We account for Global Intangible Low Taxed income in the year the tax is incurred as a period cost.
We, or one of our subsidiaries, file income tax returns in the U.S., various states, and foreign jurisdictions. With few exceptions, we are no longer subject to federal, state and local tax examinations by tax authorities for years before 2020 or subject to foreign income tax examinations for years ended prior to 2013. We are currently under audit in some of our state and foreign jurisdictions. Some audits may conclude in the next 12 months and the unrecognized tax benefits recognized in relation to the audits may differ from actual settlement amounts. It is not possible to estimate the effect, if any, of the amount of such change during the next 12 months to previously recognized uncertain tax positions in connection with the audits; however, we do not anticipate that total unrecognized tax benefits will significantly change in the next 12 months.

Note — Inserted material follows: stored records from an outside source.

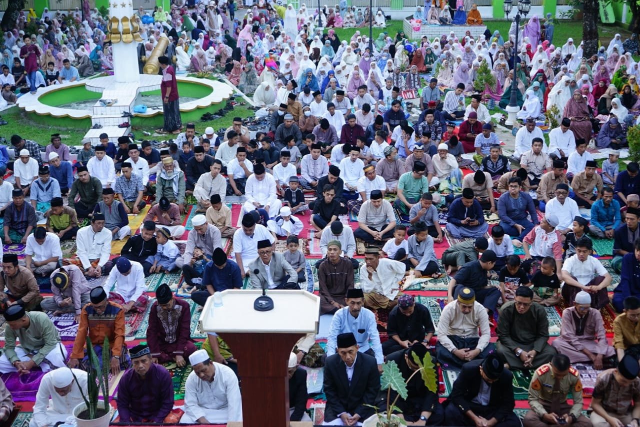 Adapun pelaksanaan shalat Ied dipimpin oleh Imam Muhammad Risal Abdullah dan yang bertindak sebagai Khotib yakni DR. DRS. H. Muh. Nurdin Nani, M.Pd. (*Rz)
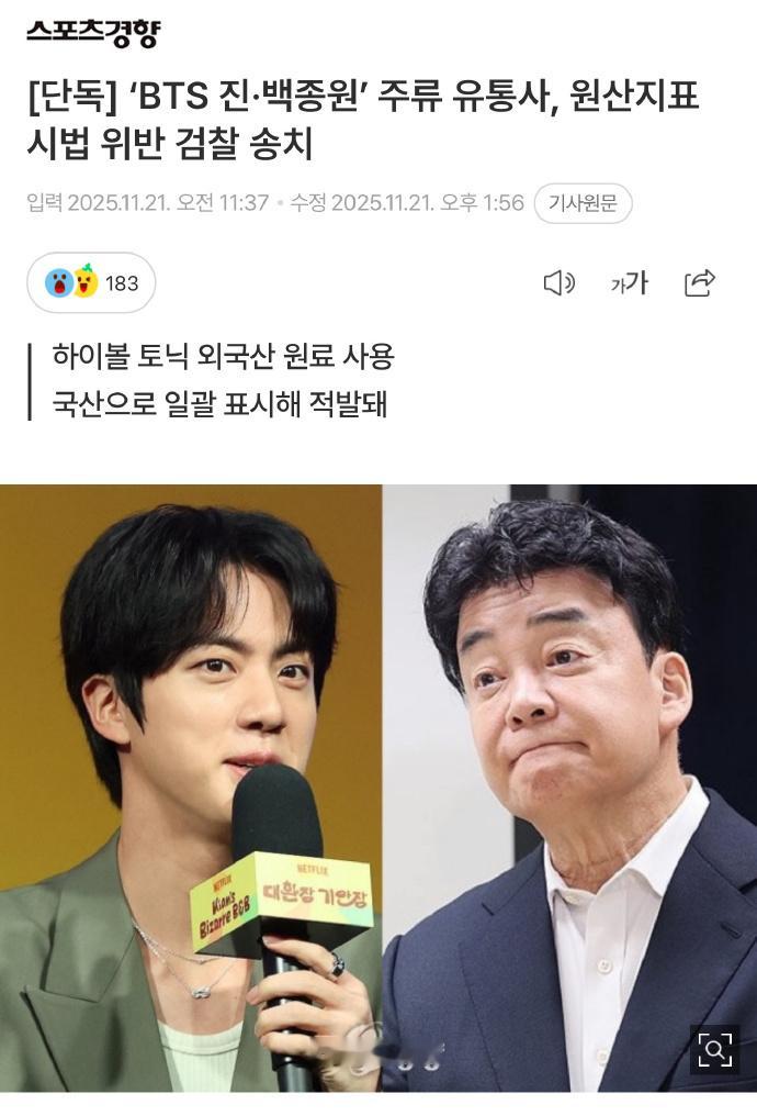 “BTS 金硕珍·白钟元”投资的酒类流通公司因违反原产地标识法被移送韩国检方防弹少年团成员Jin(金硕珍)与The Born Korea代表兼艺人白钟元共同投资的农业公司,因涉嫌违反原产地标识规定,被移送检察机关。据确认,国立农产品质量管理院忠南支援礼山事务所近期已将“白雪道家”(原礼山道家)法人及一名相关人员,以违反原产地标识法嫌疑移送至大田地检洪城支厅。销售由Genie’s Lamp制造的“IGIN Highball Tonic”系列产品的白雪道家,被查出在网上商城销售的“李子味”“西瓜味”产品中,虽然使用了外国产浓缩液(智利、美国产),却在主页和商品信息中统一标示为韩国国产原料。两家法人的代表为同一人,Jin和白钟元共同投资成立了公司,其中制造由Genie’s Lamp负责,流通由白雪道家负责。对此,有人提出了举报。举报人在举报状中写道:“金硕珍作为具有世界性影响力的艺人,对于其投资持股并参与成立的法人发生原产地标识法违规疑惑一事,不论法律责任是否存在,都应沉重看待其道义责任。”农管院忠南支援礼山事务所表示:“只有在负责线上销售的农业法人所销售的产品中,水、酒精、糖类(含糖类加工品)、食品添加剂以外的所有原料均为韩国国产时,才可以将国产制造加工品的原产地统一标注为韩国国产。”若违反与原产地标识相关的法律,可能被判处7年以下有期徒刑或1亿韩元以下罚款。Genie’s Lamp与白雪道家于去年12月推出该产品,今年9月因原产地标示问题被指摘后,才迟迟修改为“在详细说明中标示”。
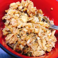 火が強いと焦げてしまうので、火力には注意してください。水気があるしっとりとしたものがお好みの場合は、水60mlを①と一緒にいれてください。そうすることで、しっとりとしたごはんのお供ができあがります。辛みが苦手な方は切ってから1分でも水にさらすことで独特の辛さが抜けますが、風味も落ちてしまうのでさらしすぎないようにしてください。
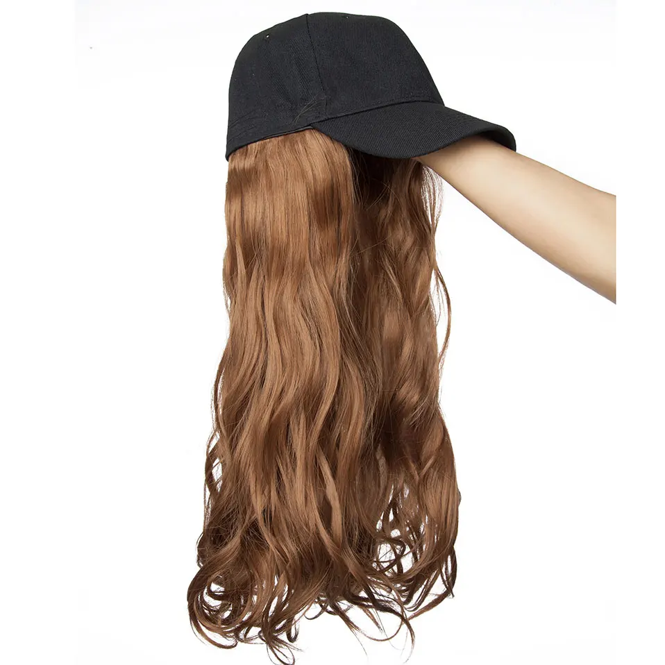 Product Name: SNOILITE extensiones de cabello ondulado de 16 pulgadas con gorra negra extensión sintética larga gorra integrada con cabello para fiesta de chicas
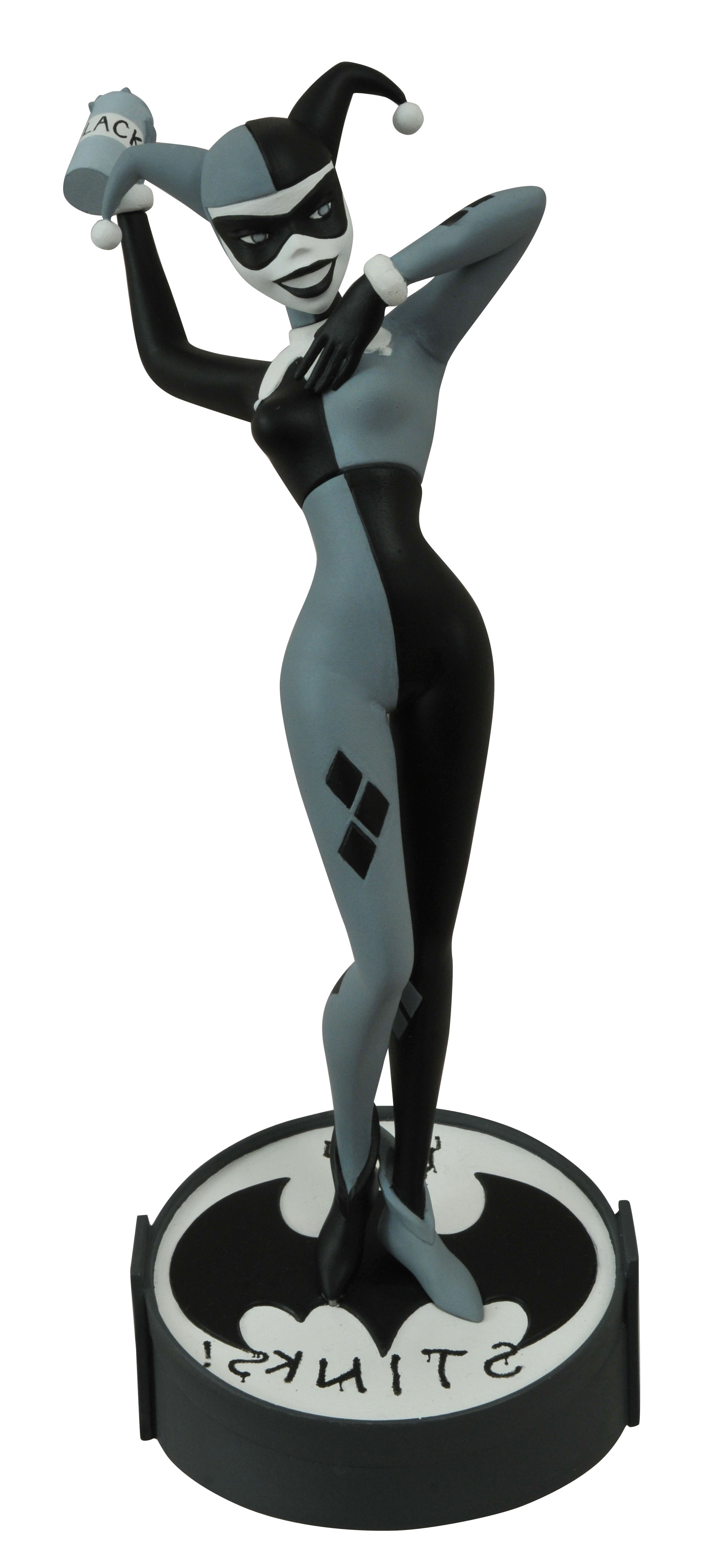 Batman: The Animated Series with a line of statues, and Comic-Con kicks the line off with an exclusive variant version of Harley Quinn! Based on her appearance in the episode "Almost Got 'Im," this statue captures the Joker's partner-in-crime defacing the Bat-signal in two of her favorite colors: black and white! This 9-inch black-and-white statue is crafted from PVC plastic, and comes packaged in a full-color window box. Sculpted by Steve Varner Studios. Limited to only 4,000 pieces!

A reconciliation of the beginning and ending amounts of unrecognized tax benefits is as follows:
(in thousands)202320222021
Balance at beginning of year$19,621 $19,501 $23,237 
Additions based on tax positions related to the current year2,584 1,475 2,196 
Additions for tax positions of prior years1,752 89 156 
Reductions for tax positions for prior years(70)(523)(733)
Reduction for lapse in statute of limitations(2,713)(921)(2,843)
Settlements(647)— (2,512)
Balance at end of year$20,527 $19,621 $19,501 
The amount of gross unrecognized tax benefits, including interest and penalties, as of December 31, 2023 and 2022 was approximately $22 million and $21 million, respectively, of which approximately $20 million and $19 million, respectively, if recognized, would affect the effective tax rate.

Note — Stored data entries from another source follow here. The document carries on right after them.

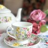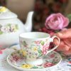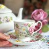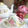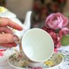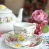 Magnifique tasse à thé en porcelaine anglaise ! On adore ses superbes dessins de roses aux tons jaunes et roses. Cette tasse est très élégante avec sa forme sur pied, et a la contenance parfaite pour vos tea times !
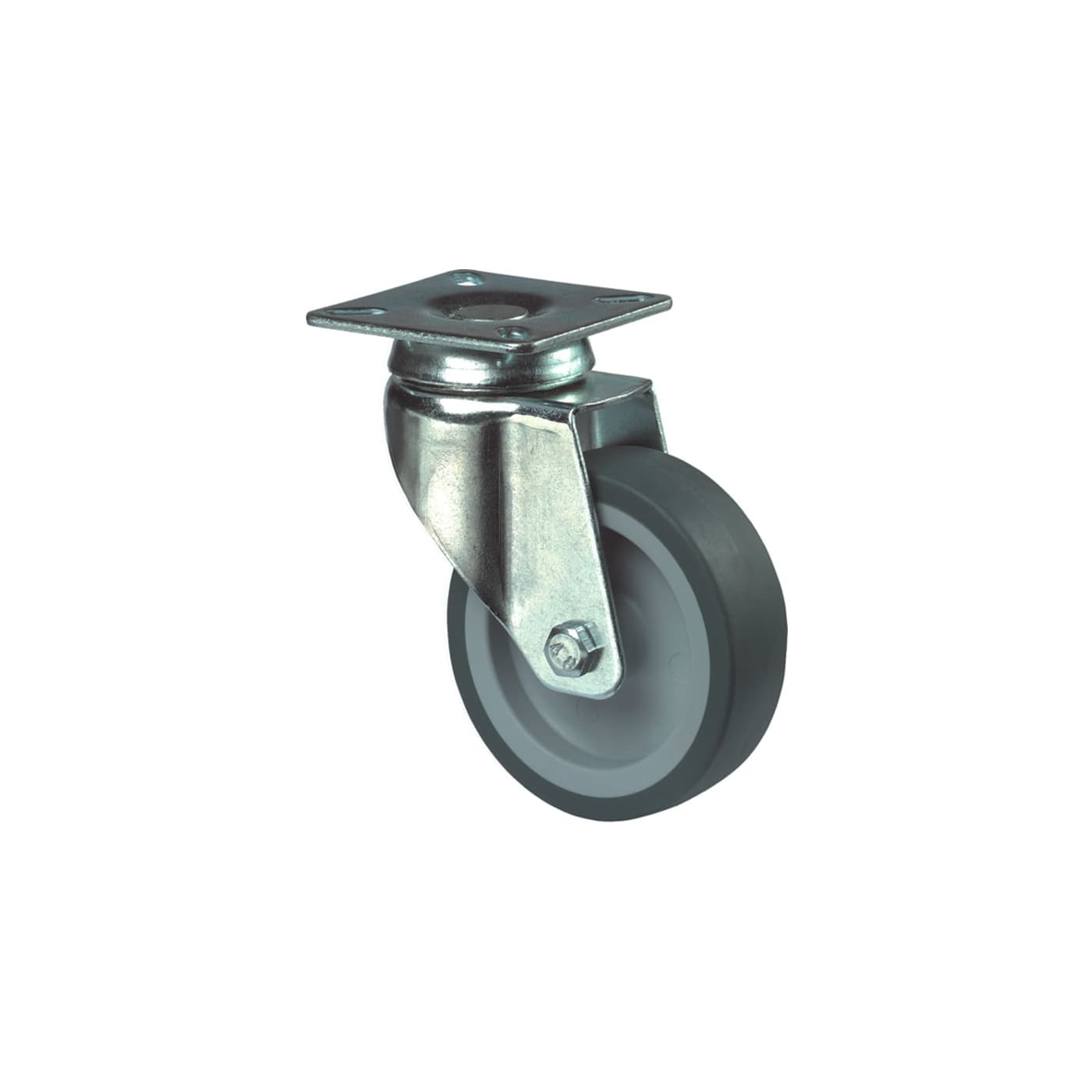 Elektrolytisch verzinkt met plaat. Blauw/grijs rubber wiel met glijlager.
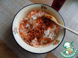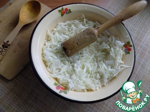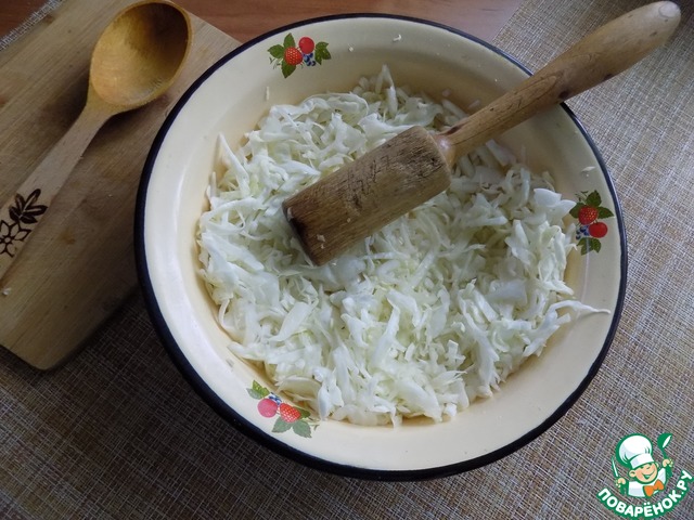 Посыпаем капусту солью и сахаром и бьём толкушкой. Я для этого всегда использую деревянную толкушку, впрочем, как и деревянную ложку для смешивания ингредиентов. Овощи не окисляются.
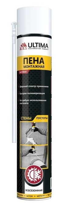 Пена монтажная всесезонная, полиуретановая 400 мл, HAUSER BASE

During the tax years ended December 31, 2023, 2022 and 2021, we paid, received refunds, or accrued insignificant interest and penalties. We recognize potential interest and penalties related to unrecognized tax benefits as a component of income tax expense.

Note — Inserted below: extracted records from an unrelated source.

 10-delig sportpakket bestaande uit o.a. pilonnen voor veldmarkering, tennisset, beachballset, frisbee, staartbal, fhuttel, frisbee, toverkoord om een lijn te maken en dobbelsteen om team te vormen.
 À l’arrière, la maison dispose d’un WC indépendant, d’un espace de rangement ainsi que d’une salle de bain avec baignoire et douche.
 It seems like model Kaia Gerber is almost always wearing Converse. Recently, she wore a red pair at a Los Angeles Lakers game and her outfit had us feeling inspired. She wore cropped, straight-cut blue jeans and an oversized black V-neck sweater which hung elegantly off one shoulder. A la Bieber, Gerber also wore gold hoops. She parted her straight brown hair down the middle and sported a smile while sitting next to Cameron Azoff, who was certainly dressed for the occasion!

As of December 31, 2023, we estimate that we have an outside basis difference in certain foreign subsidiaries of approximately $1.2 billion, which includes the cumulative undistributed earnings from our foreign subsidiaries. We continue to be indefinitely reinvested in this outside basis difference. Determining the amount of net unrecognized deferred tax liability related to any additional outside basis difference in these entities is not practicable. This is due to the complexities associated with the calculation to determine residual taxes on the undistributed earnings, including the availability of foreign tax credits, applicability of any additional local withholding tax and other indirect tax consequences that may arise due to the distribution of these earnings.
In 2023, certain countries have enacted legislation and implemented policies resulting from the Organization for Economic Co-operation and Development’s (“OECD”) Anti-Base Erosion and Profit Shifting project under Pillar Two, which establishes a global 15% per-country minimum tax. The rules are applicable for fiscal years starting on or
after December 31, 2023. We estimate an immaterial impact to the tax provision related to the Pillar Two legislation in 2024 and will continue to monitor implementation in the countries in which we operate.